(SUPPLIED ENTRIES begins)

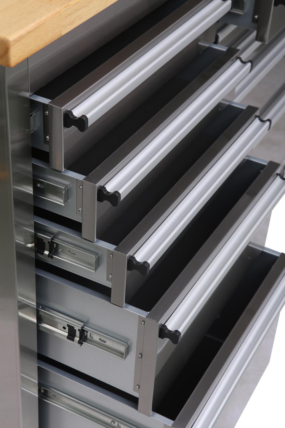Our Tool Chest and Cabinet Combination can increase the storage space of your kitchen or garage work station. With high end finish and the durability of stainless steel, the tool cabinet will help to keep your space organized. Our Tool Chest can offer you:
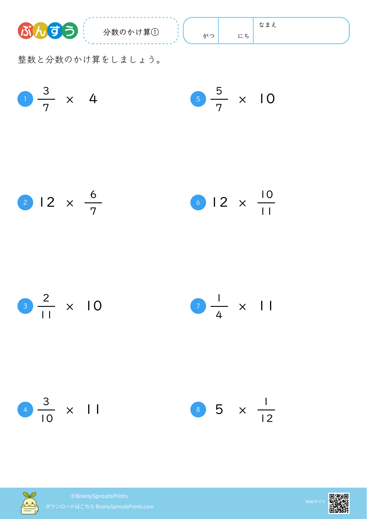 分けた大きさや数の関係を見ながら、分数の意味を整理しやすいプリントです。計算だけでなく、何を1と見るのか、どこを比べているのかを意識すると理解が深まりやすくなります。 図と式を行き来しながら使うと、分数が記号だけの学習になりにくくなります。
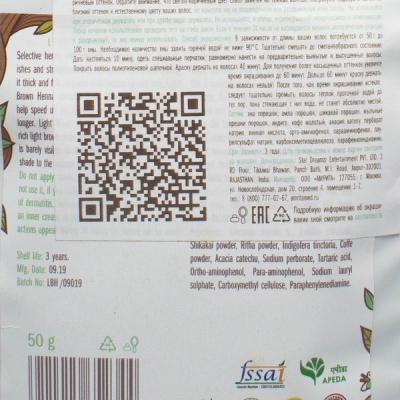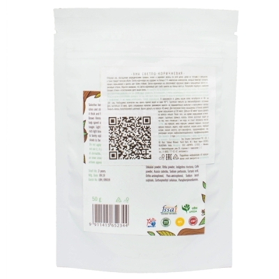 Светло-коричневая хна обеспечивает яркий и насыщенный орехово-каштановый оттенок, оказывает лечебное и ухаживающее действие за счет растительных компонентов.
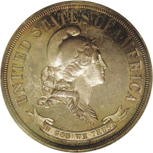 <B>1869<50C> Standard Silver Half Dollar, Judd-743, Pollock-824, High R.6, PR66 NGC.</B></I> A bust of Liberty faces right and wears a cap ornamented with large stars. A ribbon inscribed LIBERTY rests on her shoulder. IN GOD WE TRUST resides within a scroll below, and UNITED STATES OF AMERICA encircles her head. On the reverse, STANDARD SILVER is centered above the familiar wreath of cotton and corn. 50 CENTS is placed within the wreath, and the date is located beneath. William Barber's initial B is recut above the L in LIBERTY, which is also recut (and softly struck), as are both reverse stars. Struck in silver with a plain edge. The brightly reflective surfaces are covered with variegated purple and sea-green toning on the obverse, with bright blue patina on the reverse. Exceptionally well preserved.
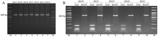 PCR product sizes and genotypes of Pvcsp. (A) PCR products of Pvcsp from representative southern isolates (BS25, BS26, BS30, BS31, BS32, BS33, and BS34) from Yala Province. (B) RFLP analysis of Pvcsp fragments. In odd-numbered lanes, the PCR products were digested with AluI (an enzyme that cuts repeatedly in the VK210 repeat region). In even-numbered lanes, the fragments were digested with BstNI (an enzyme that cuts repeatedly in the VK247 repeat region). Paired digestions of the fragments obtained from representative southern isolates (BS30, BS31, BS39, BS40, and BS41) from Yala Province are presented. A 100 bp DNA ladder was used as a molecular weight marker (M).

(SUPPLIED ENTRIES ends)
(SUPPLIED ENTRIES begins)

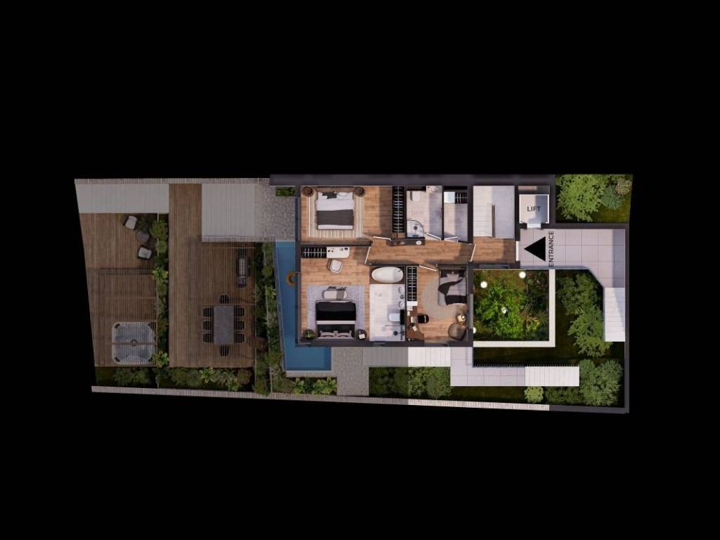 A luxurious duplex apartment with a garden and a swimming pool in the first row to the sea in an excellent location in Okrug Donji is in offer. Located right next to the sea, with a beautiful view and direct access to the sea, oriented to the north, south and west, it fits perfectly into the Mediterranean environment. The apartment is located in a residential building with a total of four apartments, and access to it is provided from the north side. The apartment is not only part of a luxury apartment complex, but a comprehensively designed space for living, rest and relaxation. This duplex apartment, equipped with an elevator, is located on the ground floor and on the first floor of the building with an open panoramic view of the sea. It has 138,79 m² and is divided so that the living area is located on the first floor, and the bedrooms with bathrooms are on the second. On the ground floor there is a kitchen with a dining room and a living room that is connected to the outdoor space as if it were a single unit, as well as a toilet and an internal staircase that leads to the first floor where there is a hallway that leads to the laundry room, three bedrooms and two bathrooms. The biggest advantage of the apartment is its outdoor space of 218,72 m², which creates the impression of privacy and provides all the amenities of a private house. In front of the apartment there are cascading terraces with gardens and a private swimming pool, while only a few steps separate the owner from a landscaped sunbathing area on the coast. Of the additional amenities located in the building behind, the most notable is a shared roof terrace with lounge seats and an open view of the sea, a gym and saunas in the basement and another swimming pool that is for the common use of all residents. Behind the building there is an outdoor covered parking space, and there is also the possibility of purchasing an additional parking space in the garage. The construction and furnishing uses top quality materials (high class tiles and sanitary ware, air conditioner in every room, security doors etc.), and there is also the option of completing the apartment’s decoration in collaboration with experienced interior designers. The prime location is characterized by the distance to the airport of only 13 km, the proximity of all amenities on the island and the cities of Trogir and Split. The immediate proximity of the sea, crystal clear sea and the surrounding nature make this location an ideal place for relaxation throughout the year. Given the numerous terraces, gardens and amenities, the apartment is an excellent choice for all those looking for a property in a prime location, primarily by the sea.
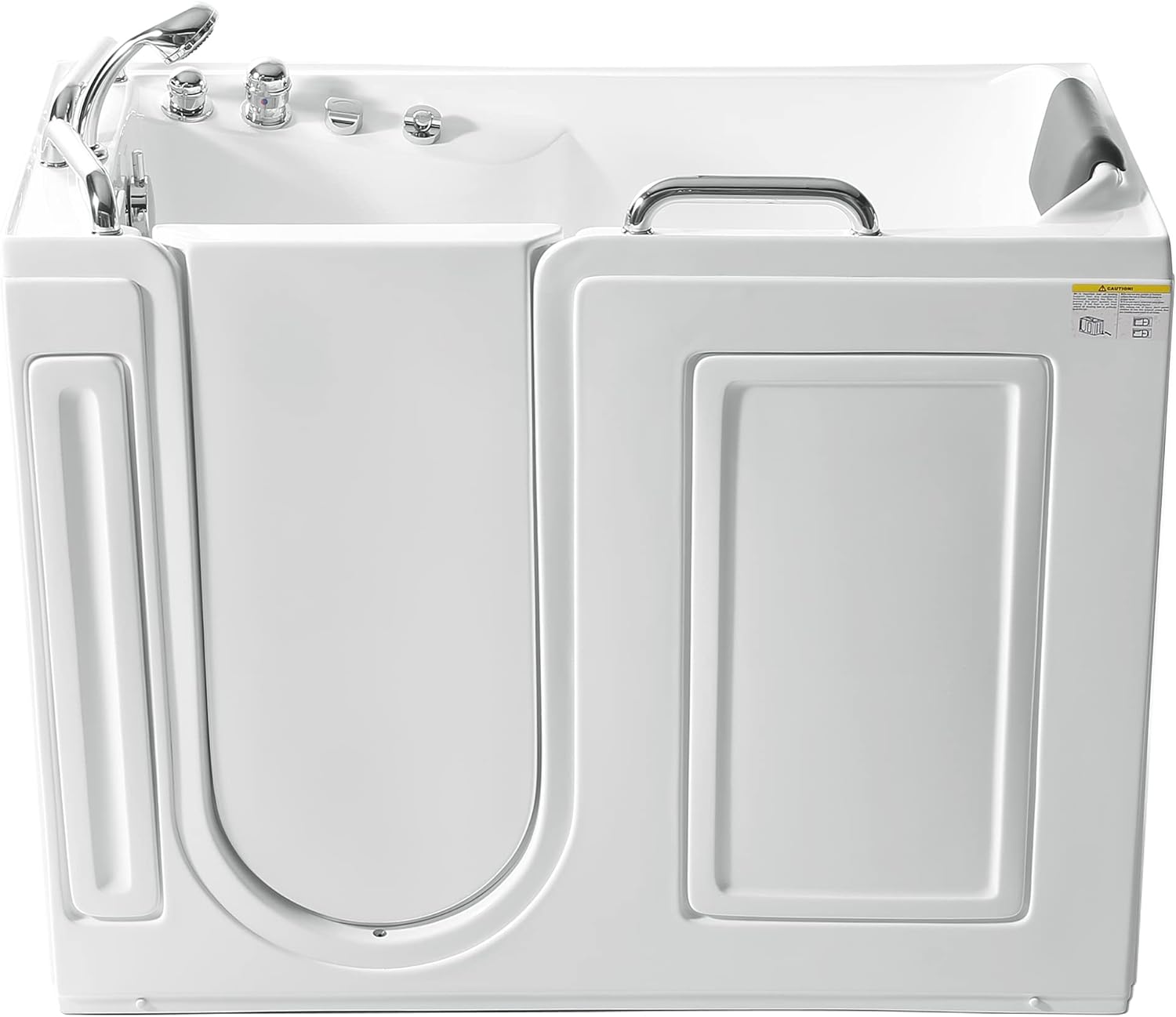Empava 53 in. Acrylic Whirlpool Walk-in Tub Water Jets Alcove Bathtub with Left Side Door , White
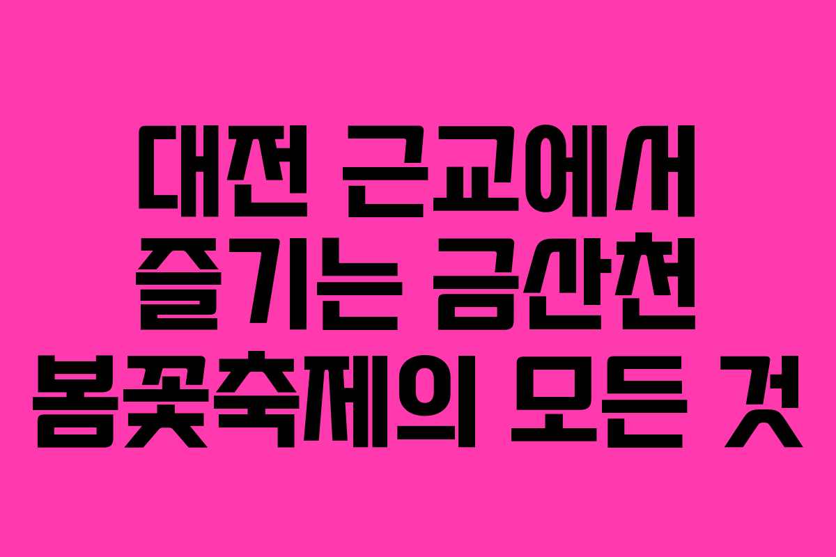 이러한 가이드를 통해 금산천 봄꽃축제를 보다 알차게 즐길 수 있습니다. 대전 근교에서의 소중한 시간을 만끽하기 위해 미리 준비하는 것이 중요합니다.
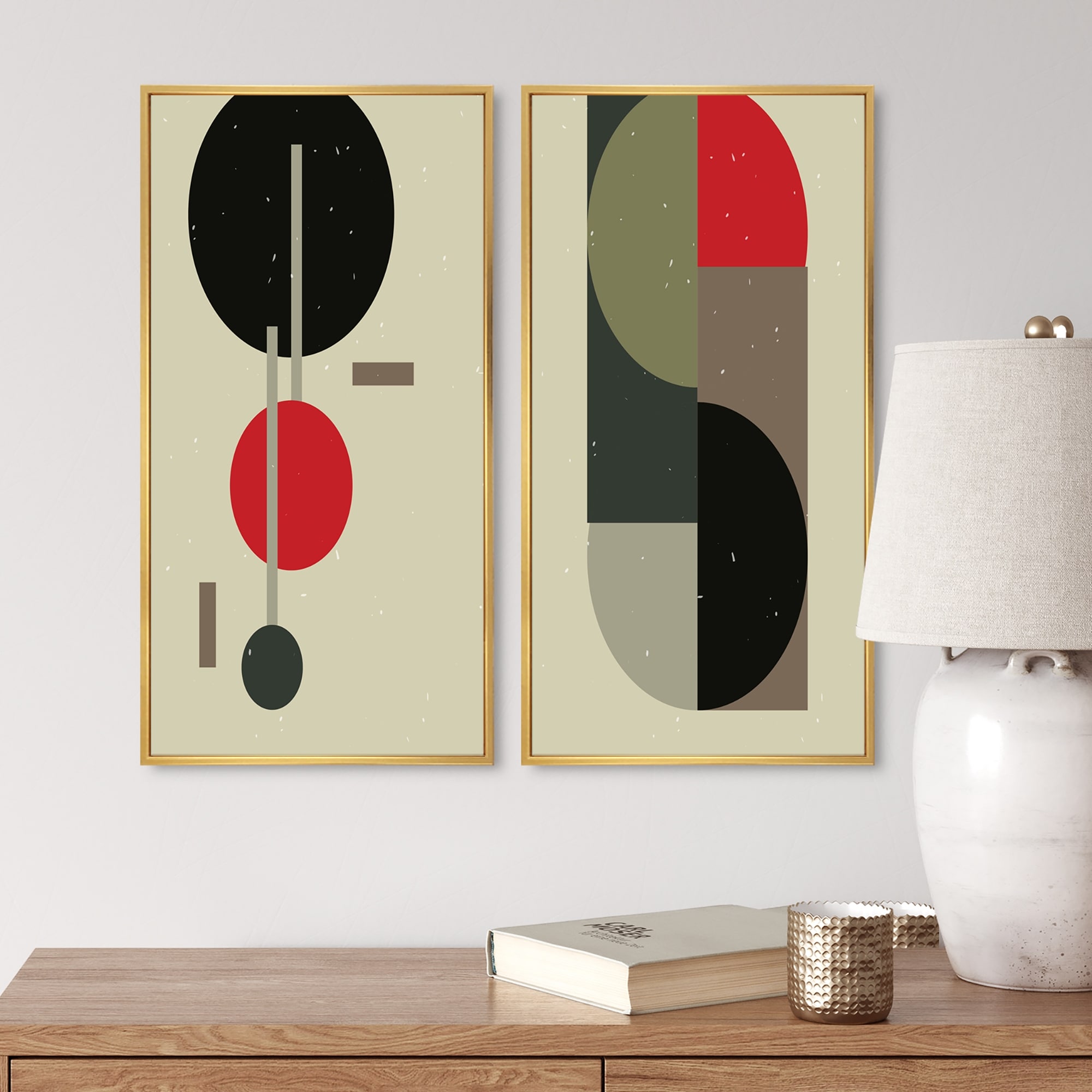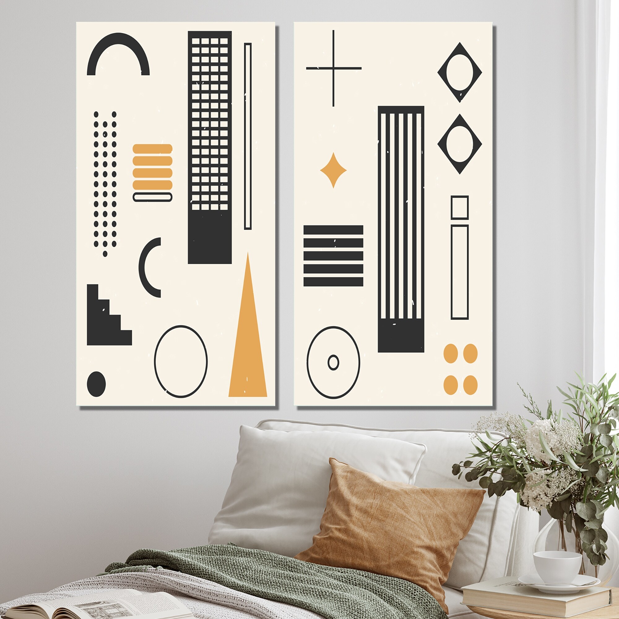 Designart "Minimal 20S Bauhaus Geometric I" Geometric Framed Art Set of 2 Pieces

(SUPPLIED ENTRIES ends)

● TASK TO COMPLETE:
Beginning at the line above that contains "Our Tool Chest and" and going on through the line that contains "<B>1869<50C> Standard Silver", please copy every line exactly, leaving the pictures out and adding nothing.

● WRITTEN REPLY:
Our Tool Chest and Cabinet Combination can increase the storage space of your kitchen or garage work station. With high end finish and the durability of stainless steel, the tool cabinet will help to keep your space organized. Our Tool Chest can offer you:
 分けた大きさや数の関係を見ながら、分数の意味を整理しやすいプリントです。計算だけでなく、何を1と見るのか、どこを比べているのかを意識すると理解が深まりやすくなります。 図と式を行き来しながら使うと、分数が記号だけの学習になりにくくなります。
 Светло-коричневая хна обеспечивает яркий и насыщенный орехово-каштановый оттенок, оказывает лечебное и ухаживающее действие за счет растительных компонентов.
 <B>1869<50C> Standard Silver Half Dollar, Judd-743, Pollock-824, High R.6, PR66 NGC.</B></I> A bust of Liberty faces right and wears a cap ornamented with large stars. A ribbon inscribed LIBERTY rests on her shoulder. IN GOD WE TRUST resides within a scroll below, and UNITED STATES OF AMERICA encircles her head. On the reverse, STANDARD SILVER is centered above the familiar wreath of cotton and corn. 50 CENTS is placed within the wreath, and the date is located beneath. William Barber's initial B is recut above the L in LIBERTY, which is also recut (and softly struck), as are both reverse stars. Struck in silver with a plain edge. The brightly reflective surfaces are covered with variegated purple and sea-green toning on the obverse, with bright blue patina on the reverse. Exceptionally well preserved.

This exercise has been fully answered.